Wendy Brown-Baez's Blog: Wendy's Muse - Posts Tagged "performing"
At what point does a love of reading become the desire to write? In Writing as a Way of Healing: how telling our stories transforms our lives, Louise A. DeSalvo writes that many of us become writers due to something that happened in childhood: trauma, shocks such as loss, death, incest, violence, racism, homophobia, or just feeling misunderstood, outcast, other. At what point did this happen to me, that I began to pencil the first mystery novel in third grade? Was it because I had had congenital hip dislocation and spent a year in a cast and a year in braces? Did I feel abandoned by losing my mother’s attention when my brother was born? Was it the tension between my parents who were too young, too broke, and opposite in temperament? Was it when my mother left me in the care of my grandmother for several days? And yet: my grandmother was my first case of true love. I always wanted to be with her and went for sleep-overs every week-end until she retired and moved to Florida. And my brother, I bossed him around until he got big enough to fight back. I have the photos of our tea parties to prove it.
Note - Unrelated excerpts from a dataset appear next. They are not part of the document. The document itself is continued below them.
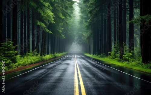 © piai, Obraz premium A straight road in the middle in rainy day with trees on both sides. Generative AI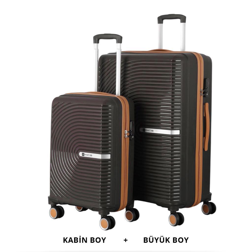 MÇS Bavul Büyük ve Kabin 2li Set Kırılmaz Silikon Valiz V374 AcıKahve/Şampanya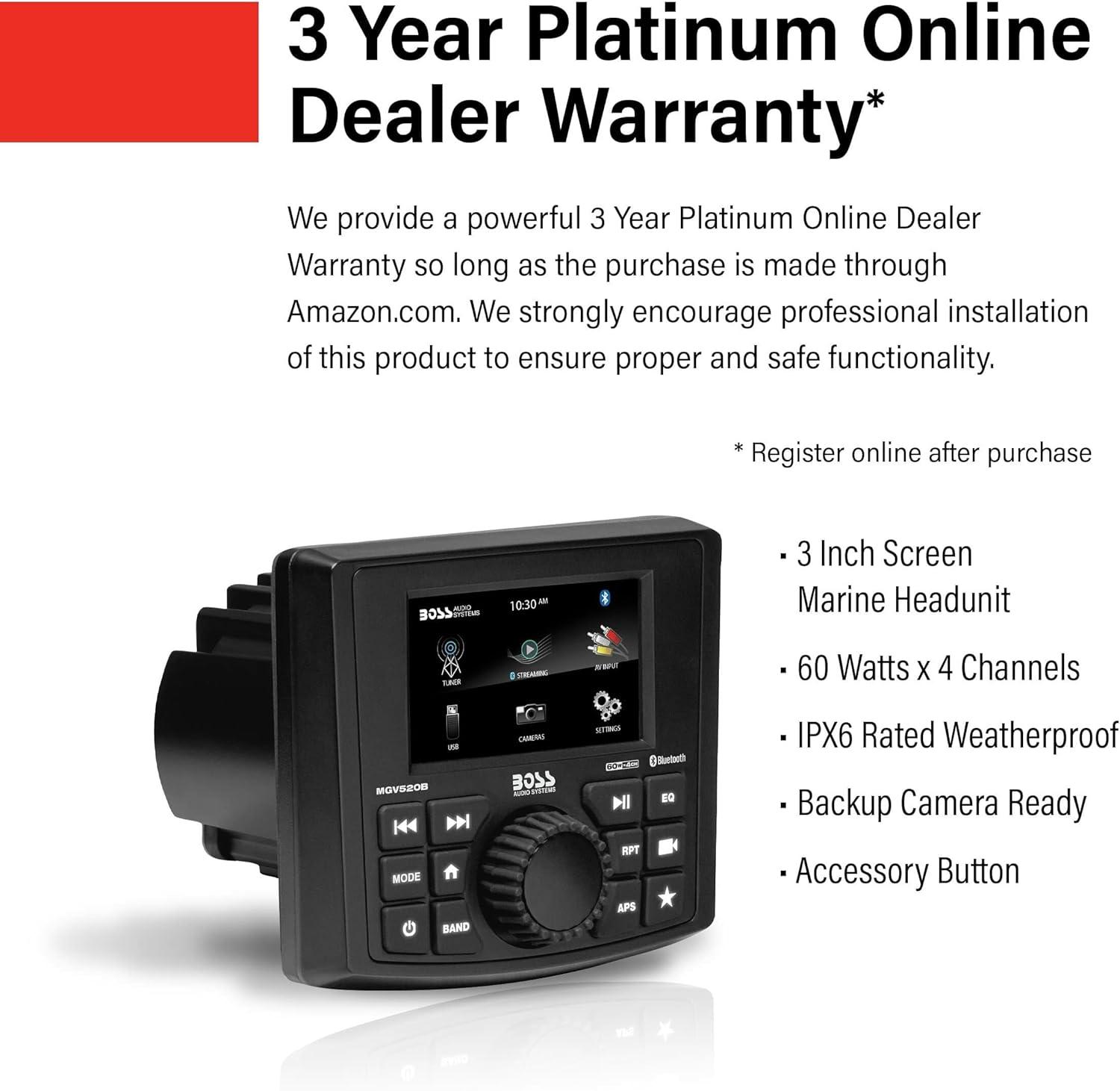 Warranty – BOSS Audio Systems provides a powerful 3-year platinum online dealer warranty so long as the purchase is made through Amazon.com. We strongly encourage professional installation of this product to ensure proper and safe functionality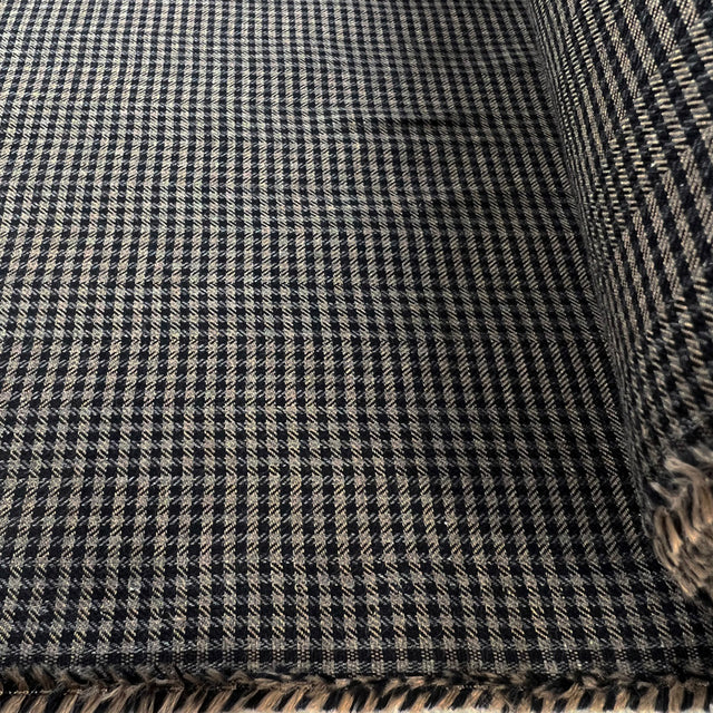 100% cotton checked shirting fabric in black and beige, perfect for dresses, pyjamas and crafts!

And as for the casts and braces, my father built me a rolling platform so I could scoot around the house and yard. When I turned 7, I started dance lessons and cartwheeled my way to notoriety on the playgound.
It could be something born in our blood as well as a disposition to heal through rectifying, through explanation, through making sense of things, and raising our voices to be heard. Perhaps the stories my mother read to me before I went to sleep were the advent of the Muse. Perhaps I had a vivid imagination and making up stories was only one of the many ways I explored self expression. I also drew and painted, danced and sang, made up plays, and loved dressing up in costumes.
At what point does the gift of words become a necessity, a vocation, a way to interface with the world? Are most poets introverts, are writers naturally reclusive? And so more available to the task of writing down what we think about, what we hear in our inner ear, our inner voices? And what does that mean about the push to market and promote yourself?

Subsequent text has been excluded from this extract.